Saturday, September 17, 2016

SACD and DSD in DVP-9000ES vs HDCD

I take this mostly as representative as SACD the system, not my particular unit or the DVP-9000ES more specivically.  Because it's how I'm thinking of it all.  I think this unit represents DSD as it was first implemented, with something very much like the 1-bit converters Sony had been using for years, and not the oversampled multibit implementations, which have been the norm ever since the 3rd generation or so.  And it's characteristic of DSD itself, in any implementation, but more purely in its original implementation, where the limitations are more obvious.  So I'm going to say DSD and not "my DVP-9000ES" but you can do the translation back if you don't accept that equivalence.

DSD has a smoothing effect mostly.  That's actually the subjective effect of adding noise above 10kHz, and possibly that's the cause of it.  But it can also open up dynamically, and suddenly get more bite than PCM.

I've recently noticed HDCD has an effect like that, apparently under the producer's control.  The producer can apparently control the sharpness of the digital filter in your system.  Some make it sharp, some make it soft, RR recordings you never notice because they do it frame by frame with the PMI recorder.  I think this is a good idea, to give the producer some control over the playback digital filter, and I like HDCD, perhaps an open standard system would be better than a proprietary one, but HDCD recordings as they exist are generally quite good and advantaged slightly over PCM 44.1/16 as a result.  There actually is a tiny information loss to power the coding system, but it's negligible compared with DSD.  Only a few bits are necessarily stolen by HDCD in full decoding (of course in non-decoding you are possibly getting a compressed form, so that part was not helpful to gaining wide acceptance--the "compatiblity" claim is actually overstated...then again the story in standard CD masterings being all over the map and endless remasterings to endlessly bilk consumers is no pretty picture either...there's really no compatibility in CD's every version is different, and one might be suspicious in hybrid CD/SACD discs that the CD is somewhat dumbed down to make the SACD shine, and in fact if they use 1-bit conversion throughout that would probably be the result).

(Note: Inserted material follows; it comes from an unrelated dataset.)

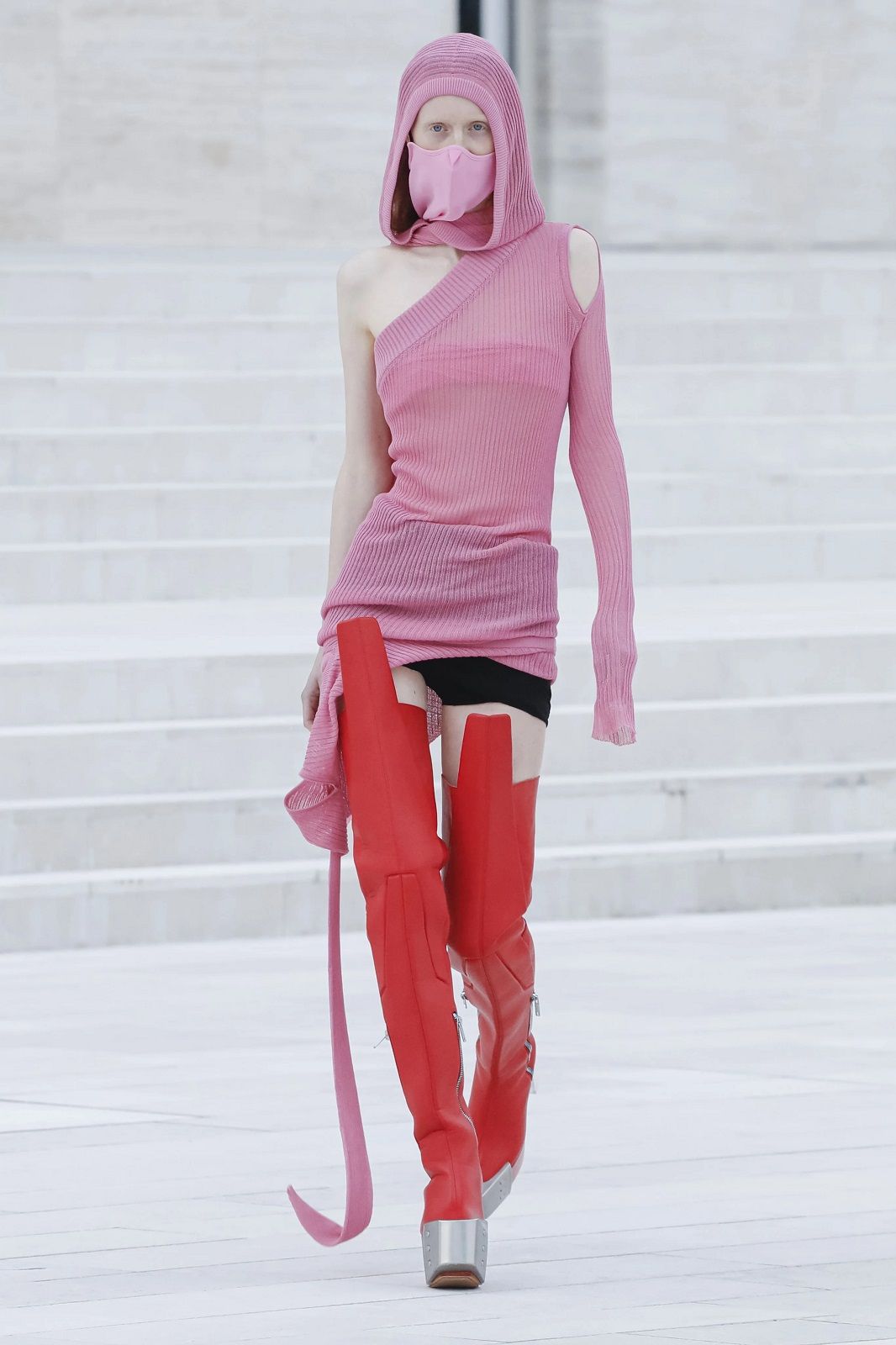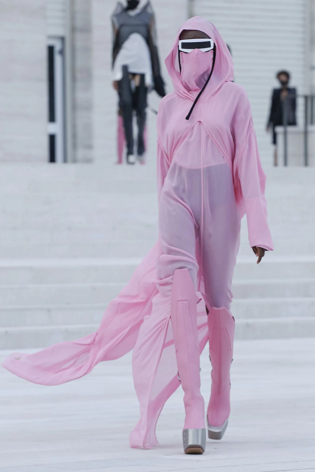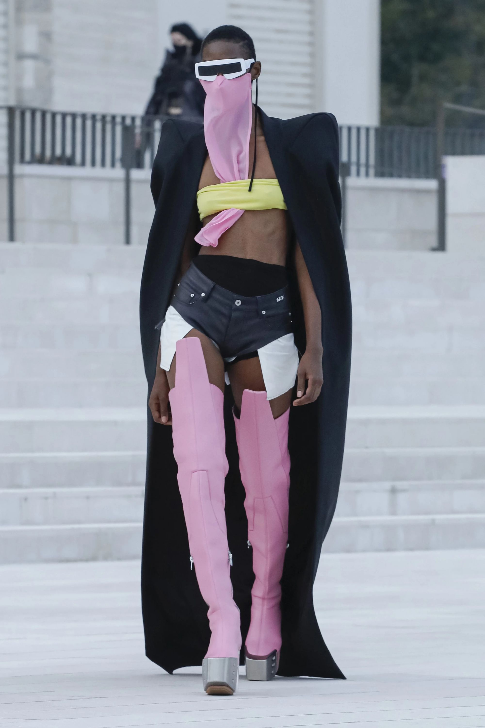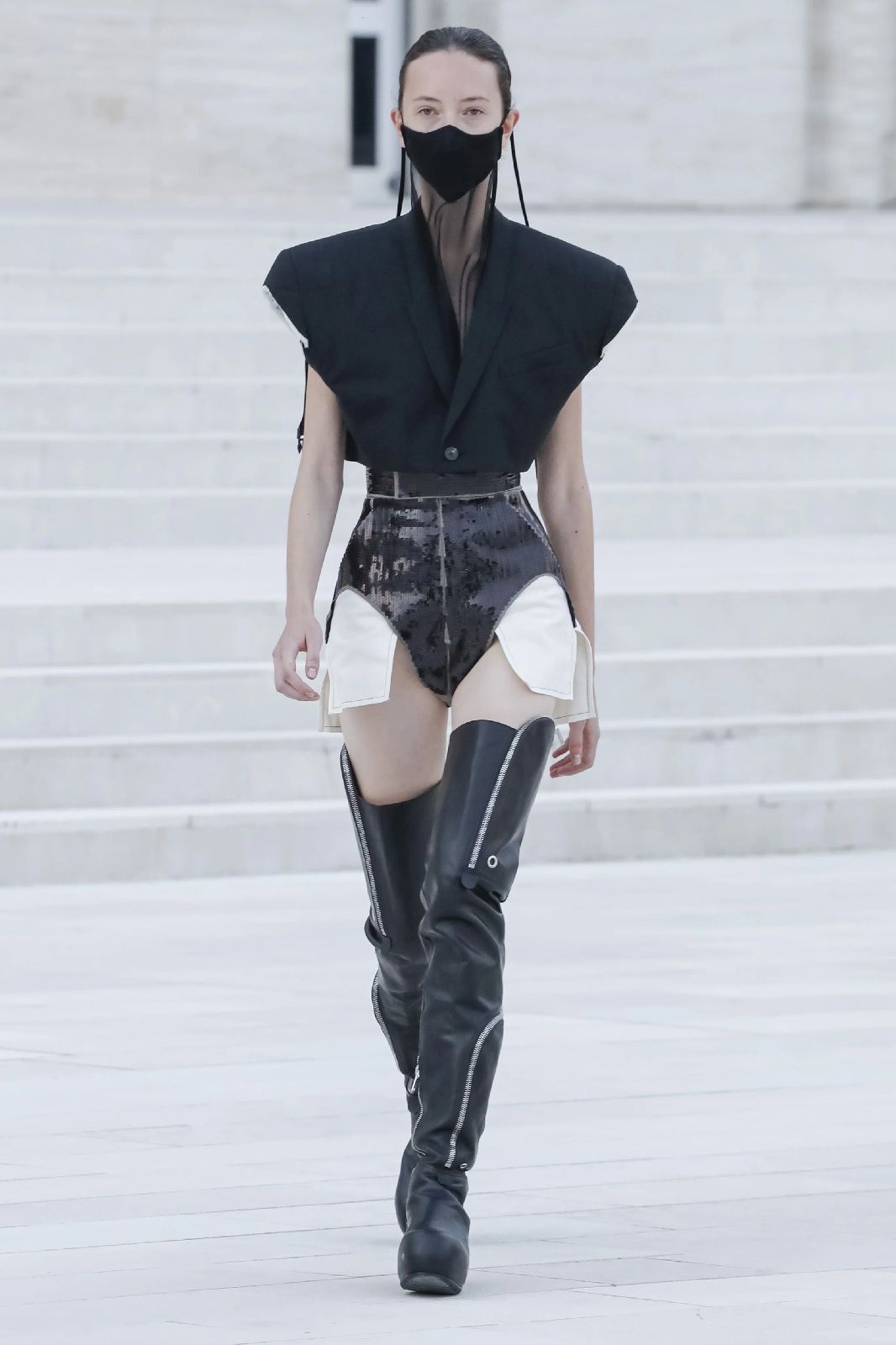In a live streaming show from Venice, Owens presents his "Cyber warriors" in cotton poplin jackets, capes, leather garments, frayed shorts, veils, boots and masks. An elegantly dark hybrid between Metropolis and Mad Max.

DSD has this opening up and closing down aspect...but it appears seamlessly as part of the system, apparently driven by the demand for it in the music.  So that's good in some ways, less possibility of error, but I don't think it's much if any better than 44.1/16 PCM and I'd rather have HDCD or High Rez...but perhaps the same actual mastering used in the high rez recordings would work at 44.1/16 too, if they'd just do that.  Mostly the whole "High Rez" thing is to force people who want better masterings to pay more for everything.  It's a bribe to the Engineer not to crank up the compression machine.

I still feel the information loss in SACD (which I admit, is equivalent to the HF noise above 10kHz*, so well you might say, why worry, but there it is, that's what information loss looks like) gives the sound a simplified character generally, like MP3,  only very very slightly, just enough to make things sound better a bit, like blur on a photo.  Generally.

(*And I'm not exactly sure how to count the noise shaping, it hides the information loss within the audible range by creating vastly greater information loss above, but it can't add lost information.  Information loss need be applied to the raw S/N curve, not the noise-shaped one.  Actually, in a wide band, that would probably make it seem better anyway, but my information loss argument applies strictly speaking to the known audible range, and in that case I think it's pretty big.  I'm not exactly sure how to square this with apparent low noise in the midrange in measurements of DSD...but once again I think that's primary the bogus result of noise shaping, without which there would be noticeably more noise in the midrange and upper midrange.  In principle, despite noise shaping I think, DSD adds information up to the actual nyquist frequency, say 1.4Mhz more than equal to it's loss within the audible range, it uses lotsa bits.  But who cares about added information above 100kHz, which is filtered away in the end anyway?  Am I missing something here?)

So I wouldn't recommend DSD, but if a producer has chosen it, it's just another artistic brush, may not kill things for the first few hundred listenings, there's really so much information in music anyway, most of the time we're throwing away almost all of it, only sometimes reaching more than a tiny fraction.